DIRECTIONS | Only the pictures are dropped; the lines of the material that follow are returned exactly.
━━━━━ DATASET EXTRACT
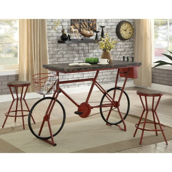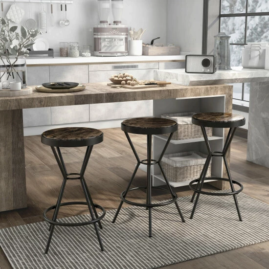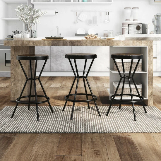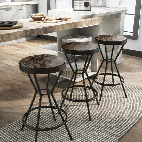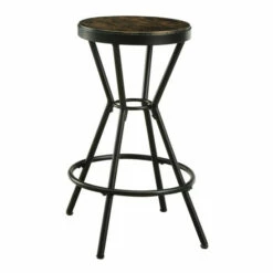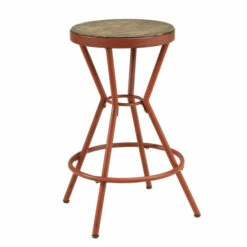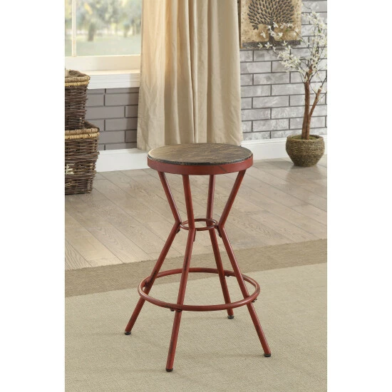 Bring a storied artisan aesthetic to a casual space with the Wixi metal round bar stool. An industrial motif with studio inspiration tones down the overall look of this tasteful stool, making it a perfect fit in a variety of settings. Playing on soothing color, its angled open base is crafted of metal with an understated red finish and comfy ring footrest. Sit in comfort on a round wood-look MDF seat with a weathered finish. Armless and backless, this vintage-style bar stool reflects a simple retro vibe that moves from room to room to accessorize and provide convenient seating. Take advantage of its tasteful color palette to build an artistic ensemble of casual furnishings.
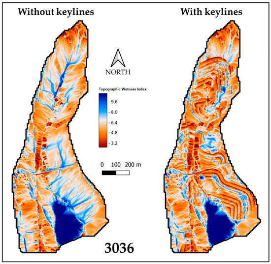 Topographic Wetness Index (TWI) maps with and without the keylines for basin 3036.
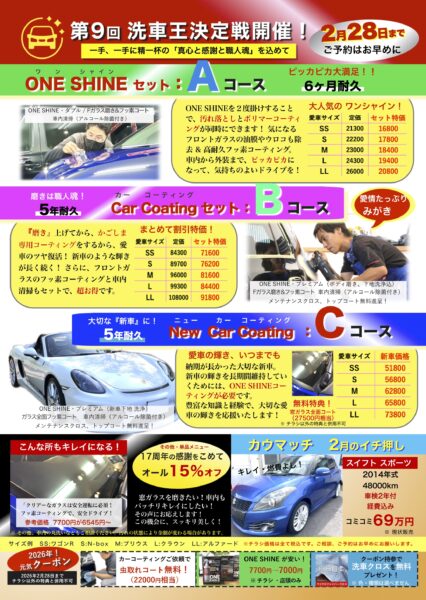 『第9回 洗車王決定戦開催記念フェア』2月のおすすめ
━━━━━━━━━━
SOLUTION TO THE EXERCISE |
 Bring a storied artisan aesthetic to a casual space with the Wixi metal round bar stool. An industrial motif with studio inspiration tones down the overall look of this tasteful stool, making it a perfect fit in a variety of settings. Playing on soothing color, its angled open base is crafted of metal with an understated red finish and comfy ring footrest. Sit in comfort on a round wood-look MDF seat with a weathered finish. Armless and backless, this vintage-style bar stool reflects a simple retro vibe that moves from room to room to accessorize and provide convenient seating. Take advantage of its tasteful color palette to build an artistic ensemble of casual furnishings.
 Topographic Wetness Index (TWI) maps with and without the keylines for basin 3036.
 『第9回 洗車王決定戦開催記念フェア』2月のおすすめ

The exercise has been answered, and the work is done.